Thirty-eight OCT parameters, which all appear in the conventional printouts, were used for the analysis. From the macular scan, we used retinal thickness in nine sectors as well as macular volume. We also used the global mean macular thickness, which was derived from a weighted mean of the regional measurements taking into account the relative area of each sector, as described previously.25 From the ONH scans, we used all 10 parameters: vertical integrated rim area, horizontal integrated rim width, disc area, cup area, rim area, cup-discarea ratio, horizontal cup-disc ratio, vertical cup-disc ratio, cup area (topographic), and cup volume (topographic). Circumpapillary analysis resulted in an additional 17 parameters: global mean RNFL thickness, 4 quadrant mean thicknesses, and 12 clock hour means.
Machine Classifiers
The following classifying methods were tested: linear discriminant analysis (LDA), generalized linear model (GLM), and generalized additive model (GAM). In addition, the following machine learning classifiers were tested: support vector machine (SVM) and recursive partitioning and regression tree (RPART). All classifiers were implemented in the statistical software (R version 1.9; R-Project, available at http://cran.r-project.org).

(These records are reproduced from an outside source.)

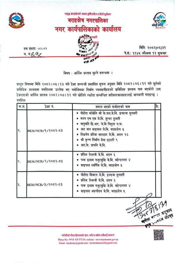 आर्थिक प्रस्ताव खुल्ने सम्बन्धी सूचना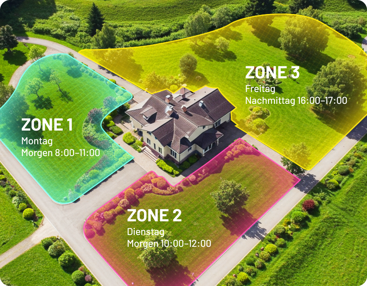 - Absetzen & Mähen – auch auf nicht kartierten Rasenflächen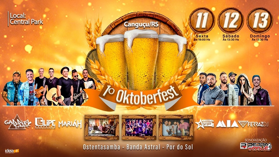 Canguçu terá a sua 1ª Oktoberfest, que acontece a partir desta sexta-feira (11), sábado (12) e domingo (13) no Central Park, localizado na Baixada do Rodeio acesso pela BR-392 quilômetro 133.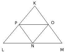 In the given figure, the area of the △KLM is x sq.cm. N,O,P are the mid-points of the sides LM , MK and KL respectively. The area of the △NOP is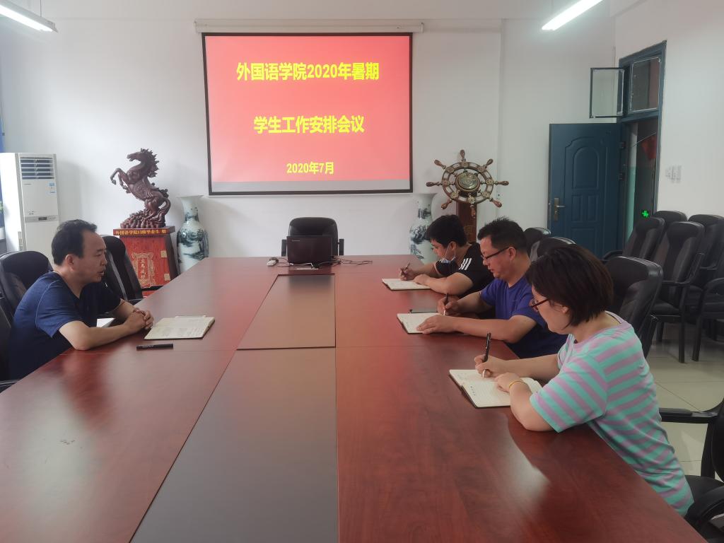 为做好暑假期间学生工作,7月10日上午,外国语学院召开暑期学生工作会议,学院党委副书记龚俊朋,团委书记张高峰、团委副书记时文鹏及兼职辅导员参加会议。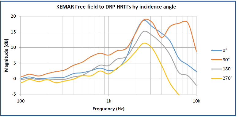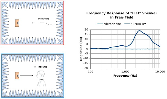 通常の測定マイクロホン(応答がフラット)とHATS(HRTF)の測定結果の違い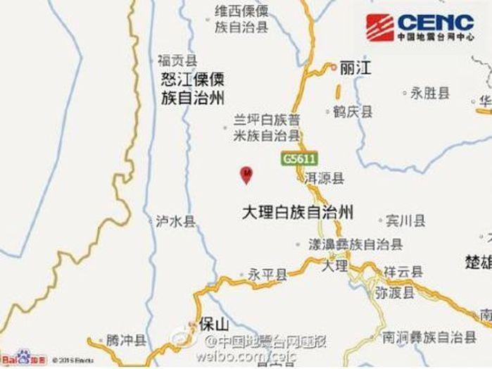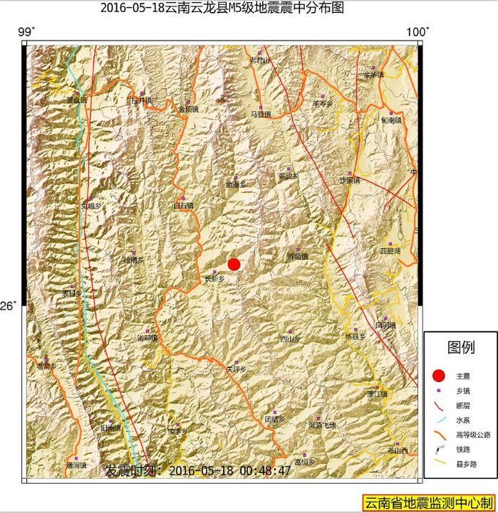 中国地震台网正式测定:05月18日00时48分在云南大理州云龙县(北纬26。

LDA assumes a Gaussian distribution of data and defines linear discrimination boundaries between the categories where it maximizes the variance between classes while minimizing the variance within classes. The classification of a new data point is determined by the likelihood that it is generated from each of the different categories.26 27
GLM assumes that the log of the odds ratio of a patient having glaucoma versus being healthy can be expressed as a linear function of the parameters.28 The decision boundary between glaucomatous and healthy eyes is the hyperplane where the predicted odds of a patient having glaucoma are equal to the predicted odds of the same patient being healthy.

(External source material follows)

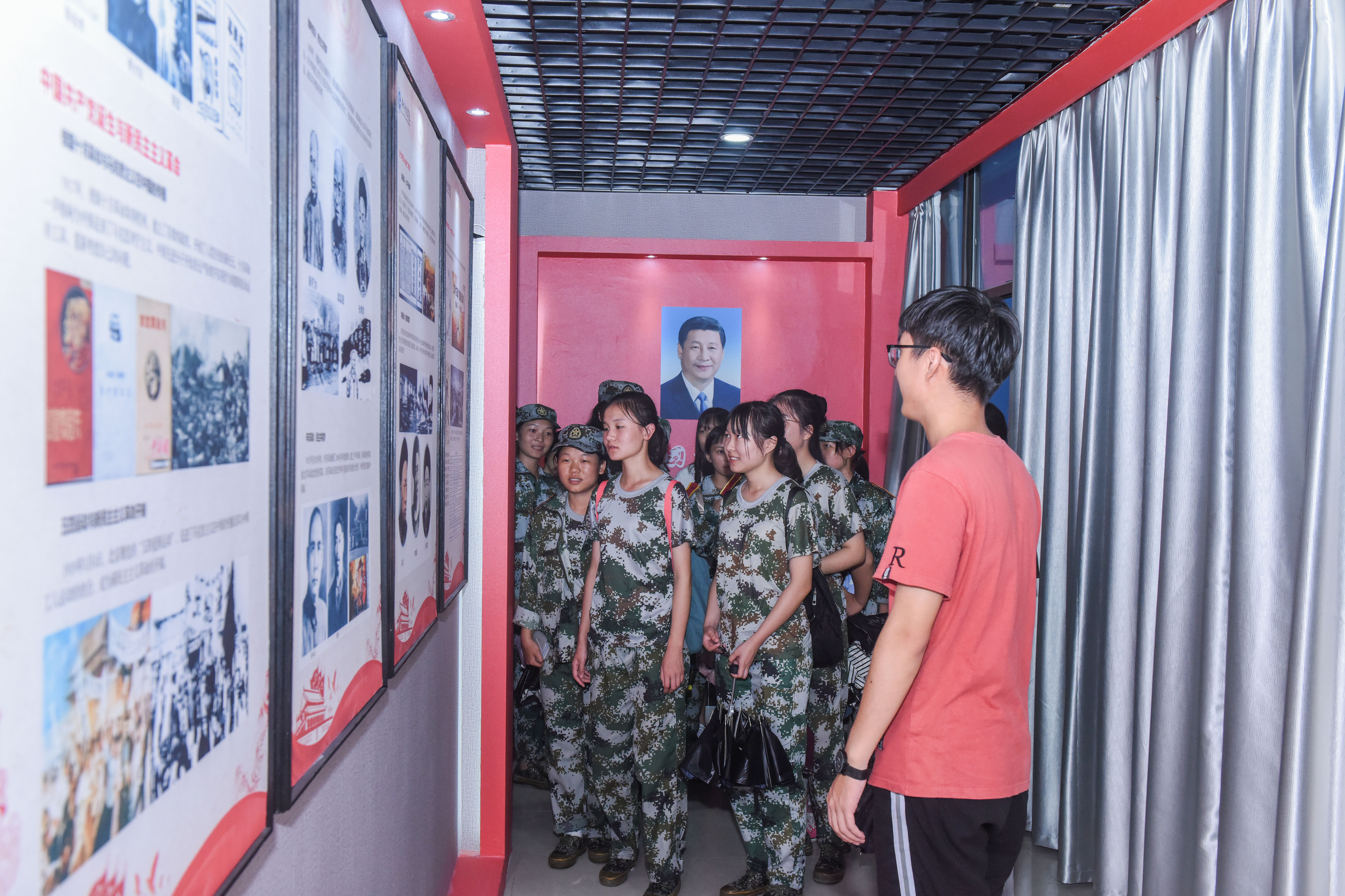 该教育馆坐落在松园食堂四楼,展览内容以党的十九大报告为主线,分十三个部分,穿插照片及图画2000余幅,通过图文并茂的方式,为更全面更直观地传播习近平新时代中国特色社会主义思想和十九大精神提供了新平台,为强化师生理想信念教育提供了新方式。

GAM assumes that the conditional expectation of glaucoma severity given by OCT parameters (unchanged) can be expressed as a sum of univariate smooth functions of the OCT parameters.29 The fitted model minimizes mean squared prediction error subject to certain penalty of model complexity.
SVMs map multidimensional input space into a high-dimensional feature space.30 31 In this feature space, the classifier finds the hyperplane separating glaucomatous from healthy eyes that maximizes the distance of any case from the hyperplane. The transformation of input space to feature space is called a kernel; in this study a linear kernel was used. The SVM used in this study also allowed for imperfect classification of glaucomatous and healthy eyes by the algorithm in situations where perfect classification is not possible. Intuitively, this makes the classification correct for testing data that is near but not identical to the training data.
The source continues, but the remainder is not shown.